「テイラック」「キアガード」「五苓散」どれも同じ!? 低気圧頭痛や不調、薬剤師が「市販薬の違い」と「即効性」を解説
雨の日や台風が近づくと、頭痛がひどくなる、体がだるい、めまいがするなど、体の不調を感じる方もいるのでは? もしかしたら、それは「低気圧不調」かもしれません。まもなくやってくる梅雨に向けて、今回は低気圧不調の原因や予防法、対策法について、薬剤師の清水みゆき先生に教えてもらいました。
1.「低気圧不調」とは一体何? 原因と症状を解説
――「低気圧不調」は、なぜ起こるのでしょうか?
清水みゆき先生(以下、清水) 雨の日や台風の時期、頭痛やだるさを感じる低気圧不調の原因は、ズバリ「気圧の変化」。気圧が変化すると、自律神経のバランスが乱れ、さまざまな体調不良を起こします。特に、気圧が低下する時に不調を訴える方が多く、変化が急なほど症状が強くなりやすいです。
――具体的に、どのような症状が「低気圧不調」にあたりますか?
清水 「低気圧頭痛」という言葉があるように、頭痛を感じる方が特に多く、ほかにも、めまいやだるさ、肩こり、吐き気、気持ちの落ち込みなどの症状が出ることもあります。
――一般的に、どのような人が「低気圧不調」になりやすいのでしょうか?
清水 自律神経は生理や更年期など、ホルモンバランスの変化に影響を受けやすいため、女性は低気圧不調に悩むことが多いようです。また、もともと体に冷えがある、乗り物酔いをしやすい、ストレスが多い人も症状が出やすいので注意してください。
2.「低気圧不調」には「五苓散」が効果的
――漢方薬の「五苓散(ごれいさん)」を用いた「テイラック」(小林製薬)や「キアガード」(ロート製薬)などの市販薬は、「低気圧不調」の症状を抑えるといわれています。本当に効果は期待できますか?
清水 漢方医学では、低気圧不調は体内の水分のめぐりが悪くなり、停滞することが原因と考えられています。余分な水分が頭に停滞すると頭痛やめまいを引き起こし、胃腸に停滞すると吐き気や下痢、手足に停滞するとむくみや関節痛につながるのです。
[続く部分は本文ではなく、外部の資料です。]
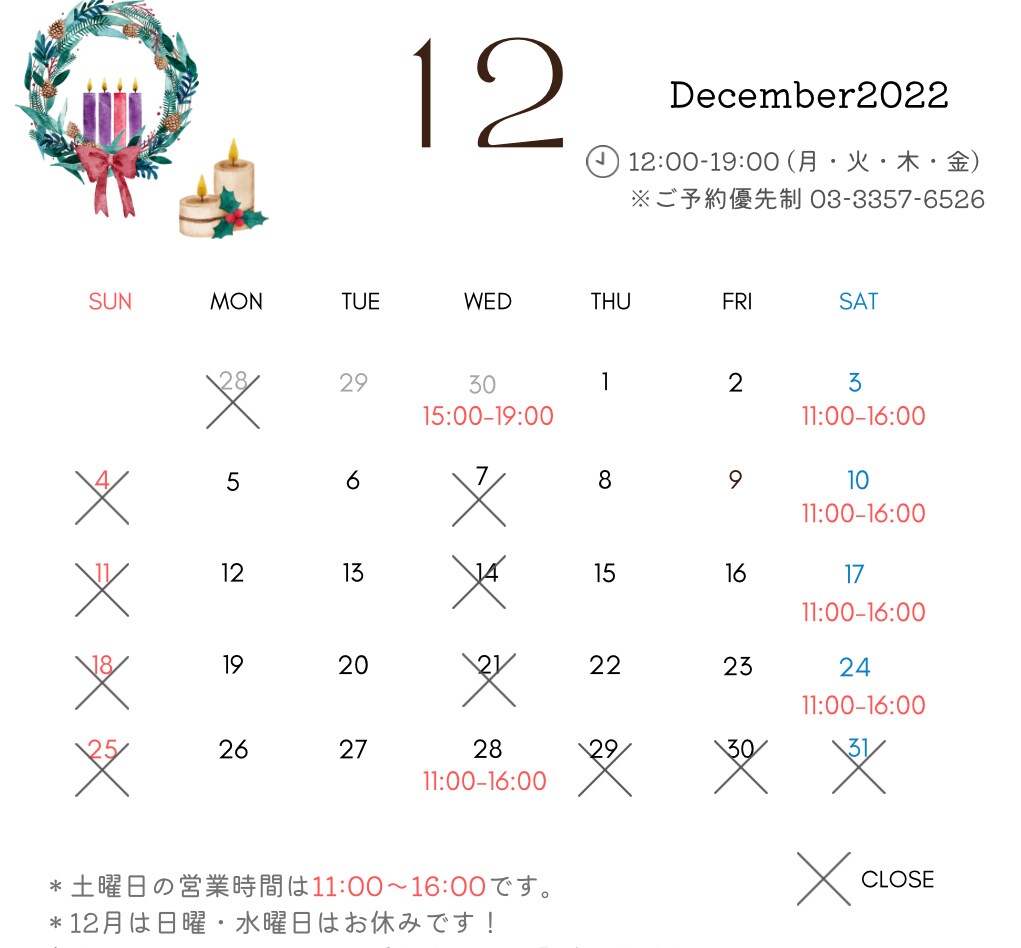 ◎11/30(水)、12/5(月)は15:00からの営業となります。
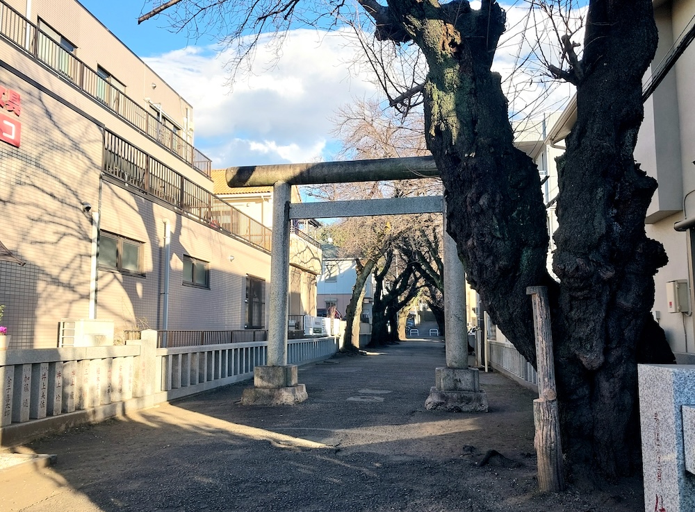 「弥生神社」という看板が見えてきますので、左折して参道へ進みます。
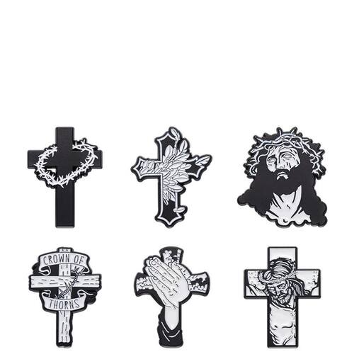 Material: liga. Tamanho: 2,5 x 3,1 cm Peso: 24 g Quantidade: você receberá todas as peças em quantidade igual à primeira foto principal. Mostra a Symbolic Cross Designs — Possui seis broches exclusivos de inspiração cruzada, incluindo Jesus com coroa de espinhos, mãos orando e padrões florais, para uma coleção significativa de acessórios. Construção em liga durável — Feitos de liga de alta qualidade com acabamento liso em esmalte, garantindo que esses broches sejam resistentes, duradouros e resistentes ao desbotamento. 🧥 Acessório versátil — Use como alfinetes de blusa, broche, crachás de lapela ou prenda em mochilas, jaquetas jeans, chapéus e cachecóis para roupas casuais e formais. Estilo gótico monocromático — A estética em preto e branco oferece uma aparência ousada e minimalista, adequada para amantes da moda gótica, reuniões cristãs ou uso diário. Compacto e leve — cada broche mede 2,5 x 3,1 cm e pesa apenas 24 g, o que os torna fáceis de transportar e confortáveis de usar sem aumentar o volume.

五苓散は、猪苓(ちょれい)や茯苓(ぶくりょう)、沢瀉(たくしゃ)など、水分代謝の調整を行う生薬で構成されており、体内の水分バランスを整える作用があります。そのため、低気圧不調の中でも、特に頭痛やめまい、下痢、吐き気に効果的。なお、「テイラック」と「キアガード」はどちらも錠剤タイプの五苓散で、使われている生薬の量や種類に一部違いがあるものの、効果に大きな差はありません。